From: Jan Kara <jack@suse.cz>
Subject: Re: [RFC] [PATCH 3/3] Recursive mtime for ext3
Date: Thu, 8 Nov 2007 11:56:42 +0100
Message-ID: <20071108105642.GB6781@duck.suse.cz>
References: <20071106171537.GD23689@duck.suse.cz> <20071106171945.GG23689@duck.suse.cz> <20071106194012.GE12857@thunk.org> <20071107143605.GD22214@duck.suse.cz> <20071108002037.GA7728@thunk.org>
Mime-Version: 1.0
Content-Type: text/plain; charset=us-ascii
To: Theodore Tso <tytso@mit.edu>, linux-kernel@vger.kernel.org,
	linux-ext4@vger.kernel.org
Content-Disposition: inline
In-Reply-To: <20071108002037.GA7728@thunk.org>
Sender: linux-ext4-owner@vger.kernel.org

On Wed 07-11-07 19:20:38, Theodore Tso wrote:
> On Wed, Nov 07, 2007 at 03:36:05PM +0100, Jan Kara wrote:
> > > What if more than one application wants to use this facility?
> >
> >   That should be fine - let's see: Each application keeps somewhere a time when
> > it started a scan of a subtree (or it can actually remember a time when it
> > set the flag for each directory), during the scan, it sets the flag on
> > each directory. When it wakes up to recheck the subtree it just compares
> > the rtime against the stored time - if rtime is greater, subtree has been
> > modified since the last scan and we recurse in it and when we are finished
> > with it we set the flag. Now notice that we don't care about the flag when
> > we check for changes - we care only for rtime - so if there are several
> > applications interested in the same subtree, the flag just gets set more
> > often and thus the update of rtime happens more often but the same scheme
> > still works fine.
> 
> OK, so in this case you don't need to set rtime on the every single
> file inode, but only directory inode, right?  Because you're only
  Yes, that's actually what I'm doing - sorry if I didn't make it clear
earlier.

> using checking the rtime at the directory level, and not the flag.
> And it's just as easy for you to check the rtime flag for the file's
> containing directory (modulo magic vis-a-vis hard links) as the file's
> inode.
  Exactly.

> I'm just really wishing that rtime and the rtime flag didn't have live
> on disk, but could rather be in memory.  If you only needed to save
> the directory flags and rtimes, that might actually be doable.
  I already gave some thought to this but there seemed to be some
drawbacks. Query I want to support is: given a directory, tell me which of
its subdirectories (arbitrarily deep below) have been modified since time
T.  That is what you need to support faster rsync, updatedb and similar
loads.  Also I want to allow a reboot to happen inbetween the modification
and a query (handling a crash correctly would be nice too but honestly my
current implementation is not completely reliable in this regard either) so
some pernament storage is needed in any case.
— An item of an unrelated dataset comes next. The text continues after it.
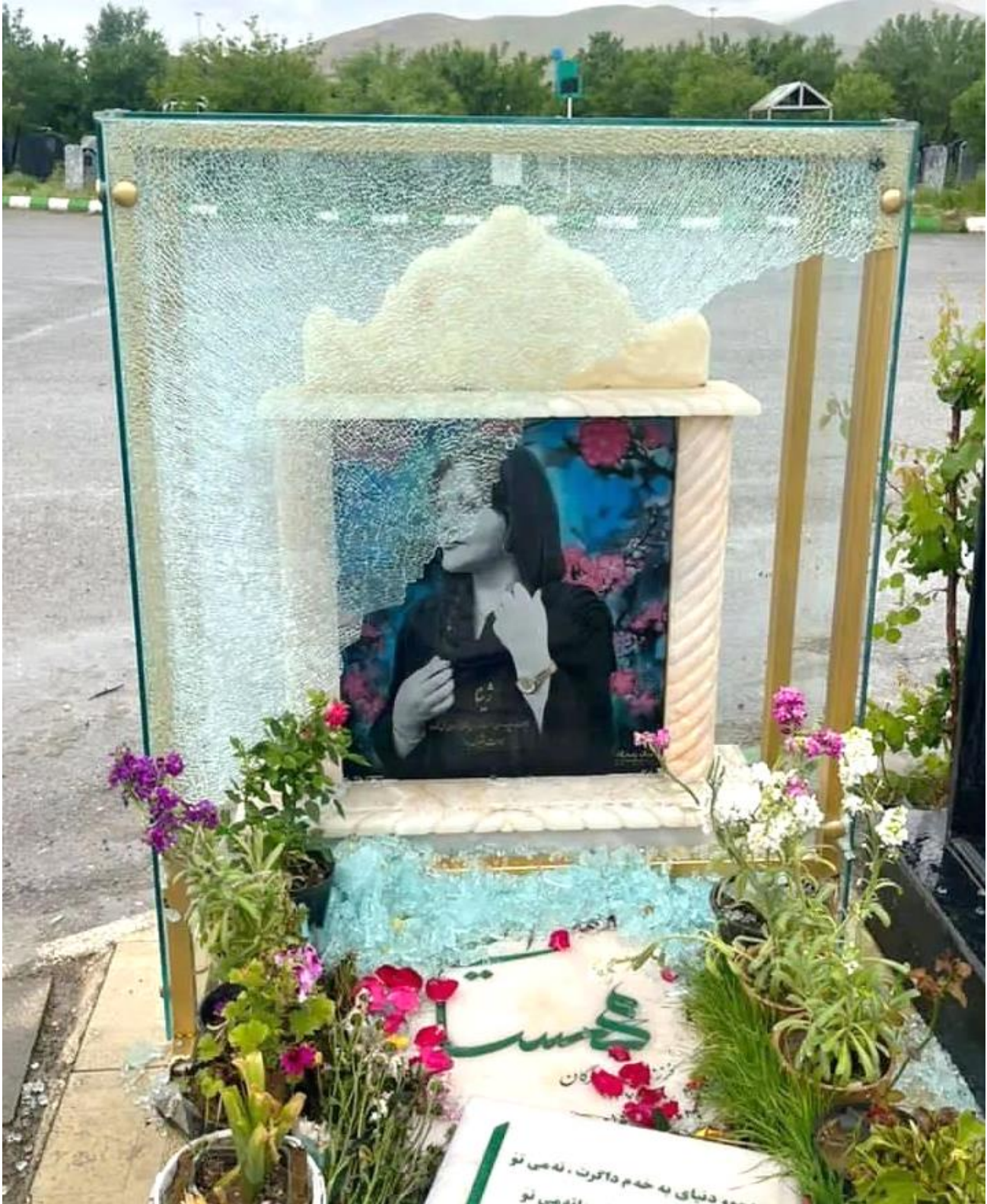
A picture of the vandalised grave of Mahsa/Zhina Amini, taken on 21 May 2023, with the glass encasing the headstone broken.

What I can imagine we could
do is to report all modifications to userspace - that has a problem that
there are *many* possible modifications but we are interested only whether
there happened some since time T. We could improve this by an in-memory
inode flag "I'm not interested in modifications any further" and reporting
the change only if the parent directory does not have this flag set (note
that this flag gets lost when we evict the inode from memory). But I would
say that in the end all this message passing, climbing the tree from
userspace and maintaining data structure in memory and on disk would cost
use more than the current implementation... Also it has the disadvantage
that we miss the modifications which happen before we start the userspace
daemon catching the events.
  Doing this in kernel memory has a problem how to solve the persistency
across reboots (dumping mod's to userspace on request?) and also on my
system you'd have roughly a few MB of pinned memory for these purposes...
Plausible but I don't really like it...

> Note by the way that since you need to own the file/directory to set
> flags, this means that only programs that are running as root or
> running as the uid who owns the entire subtree will be able to use
> this scheme.  One advantage of doing in kernel memory is that you
> might be able to support watching a tree that is not owned by the
> watcher.
  Yes, that is the advantage. On the other hand we could allow setting that
particular flag even without being an owner of the inode. In fact, I
don't currently see use case where you won't be either root (rsync,
updatedb) or an owner of the files (watching config file trees) but I guess
people would find some :).

> >   I don't get it here - you need to scan the whole subtree and set the flag
> > only during the initial scan. Later, you need to scan and set the flag only
> > for directories in whose subtree something changed. Similarty rtime needs
> > to be updated for each inode at most once after the scan. 
> 
> OK, so in the worst case every single file in a kernel source tree
> might change after doing an extreme git checkout.  That means around
> 36k of files get updated.  So if you have to set/clear the rtime flag
> during the checkout process 36k file inodes would have to have their
> rtime flag cleared, plus 2k worth of directory inodes; but those would
> probably be folded into other changes made to the inodes anyway.  But
  Yes, here the impact is hardly measurable as I've written in the previous
email.

> then when trackerd goes back and scans the subtree, if you are
> actually setting rtime flags for every single file inode, then that's
> 38k of indoes that need updating.  If you only need to set the rtime
> flags for directories, that's only 2k worth of extra gratuitous inode
> updates.
  As I wrote above, the flag is only set on directories so yes a scan
modifies 2k directory inodes. But such scan happens only when you run rsync
- I don't aim at something like 'trackerd' which would watch the filesystem
all the time. My idea is that those applications that currently do "scan
the tree, stat all files, check mtimes if something changed" would in
future do "scan those directories that have rtime newer than T". So the
overall balance is:
  Currently: scan and stat all files in the tree, compare mtimes
  With rtime: scan those directories in whose subtree has something changed
- stat all files in them, modify directory inodes

So you trade a lot of reading for some writes... I can actually try to measure
how much it will improve rsync scan on my computer :)

								Honza
-- 
Jan Kara <jack@suse.cz>
SUSE Labs, CR